Star rating: ****
Nearly 30 years on from its release on one of those old vinyl recordings - and 18 since its previous performance in Scotland - Shaun Davey's The Brendan Voyage retains its ability to transport the listener.
Indeed, written to describe in music Tim Severin's 1976 recreation of St Brendan's legendary crossing from Kerry to Newfoundland, at this remove, Davey's piece sounds extraordinarily on the money. With Liam O'Flynn's uilleann pipes playing the role of St Brendan's coracle and the Orchestra of Scottish Opera here representing the elements, it was simply beautiful.

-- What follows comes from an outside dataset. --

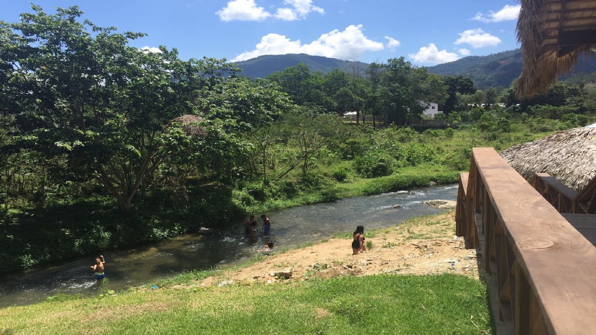 ALQUILER MENSUAL ¡Bienvenidos a nuestra encantadora casa rústica en Estancias del Río! Situada junto al río Jimenoa y cerca del centro de Jarabacoa, pudiendo acceder fácilmente a restaurantes, tiendas y atracciones locales. Ubicada en una urbanización privada, nuestra casa de invitados ofrece tranquilidad y seguridad. El segundo piso cuenta con sala de estar, balcón con vistas al río y cocina al aire libre. Dos habitaciones dobles independientes, con cómodas camas, y un baño completo.

O'Flynn's pipes by turns once again were soulful, dextrous and regal as they wrestled with orchestral storms, emerged through dense, harmonic fog and danced over the one passage that perhaps betrays the piece's vintage - a groove that might have served as effectively in the disco era as it did bearing the piper's masterful expressiveness.
If Altan with orchestra conjured up fears of Wagnerian take-overs or sugary middle-of-the-road sentiment, it needn't have. If anything, the long-running standard bearers of Irish folk group dynamics dominated the sound, with Fiachra Trench's orchestrations concentrating largely on finely-drawn supporting pastel shades.
The Bolero-like strings effect behind Mairead Ni Mhaonaigh's crystal-clear singing of her dad's Gleanntain Ghlas Ghaoth Dobhair added just the right touch and the pacing of Cathal McConnell's The Sunset from whistle and bodhran duo to full cast involvement was beautifully measured.
It might have been interesting to hear some longer tune sets, allowing group and orchestra to develop real momentum as the closing slip jig and reel found the two music forms in full-on fruitful synchronicity.